Viktor Anatoliyovych Skrypnyk (; born 19 November 1969) is a Ukrainian former professional footballer and current manager of Vorskla Poltava. As a player, he helped Werder Bremen to the league and cup double in 2004.

Skrypnyk became the first Ukrainian head coach in Bundesliga.

Playing career
Before playing professionally, in 1987–88 Skrypnyk participated in the reserve competitions of the Soviet Top League for Dnipro Dnipropetrovsk playing some 46 games. In 1987 Skrypnyk also played one game for Dnipro in the Soviet Cup.
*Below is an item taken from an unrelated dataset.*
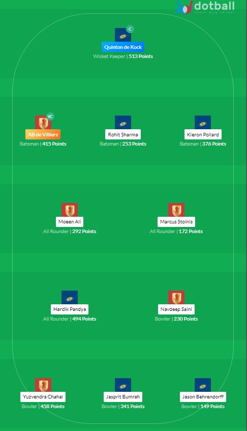 Batsman: AB de Villiers (RCB, 10 Cr), V Kohli (RCB, 11 Cr), R Sharma (MI, 10 Cr), K Pollard (MI, 9 Cr)

In 1989 Skrypnyk signed with the prime Zaporizhzhia club Metalurh that played at the Soviet First League (tier 2) and for which he started his professional career. His debut in the Soviet Top League (Vysshaya Liga), Skrypnyk made for FC Metalurh Zaporizhya (Metallurg) in 1991 along with the club's debut at the top level. He continued to play for the Zaporizhzhia team after dissolution of the Soviet Union when the Metalurh Zaporizhya was admitted to the Vyshcha Liha (Ukrainian Top League) in 1992–1994. In the mid 1990s Skrypnyk returned to his "home" club in Dnipro for couple of seasons. In 1995–1996 he played for FC Dnipro when it was coached by Bernd Stange who later recommended Skrypnyk to Werder that was coached by Hans-Jürgen Dörner. Around that time he was also called up to the Ukraine national football team for which Skrypnyk debuted in 1994. In 1996 he was sold for 1.5 million DM to the German side Werder Bremen with which he stayed for about 22 years (1996–2018). In 1999–2000 Skrypnyk was injured several times and even hospitalized, because of that he did not play neither for the club or the national team. At the end of 2002–03 season Skrypnyk again sustained a major injury and recovered only by the winter intermission of the 2003–04. After the 2003–04 season aged at 34, he decided to retire.

Coaching career
After retiring from playing career Skrypnyk stayed with Werder as a coach at the Werder's football academy. His coaching UEFA license "A" Skrypnyk received initially in Kyiv and supposedly it had to be good across whole Europe. But in Germany no one was acknowledging the license and he had to take the coaching courses again in Germany. At first it was the category "B" license which allowed Skrypnyk to train children. With time he received the top category license.

Skrypnyk became head coach of Werder Bremen II from 18 June 2013 until 25 October 2014 when he took over the first team of Werder Bremen. He finished with a record of 31 wins, seven draws, and nine losses for the reserve team. He made his debut against Chemnitzer FC in the DFB-Pokal on 28 October 2014. He was sacked on 18 September 2016 along with assistant coach Torsten Frings.

On 5 July 2018, he was appointed as the new manager of Latvian Higher League club Riga FC. On 5 February 2019 it was announced, that Skripnik had left the club.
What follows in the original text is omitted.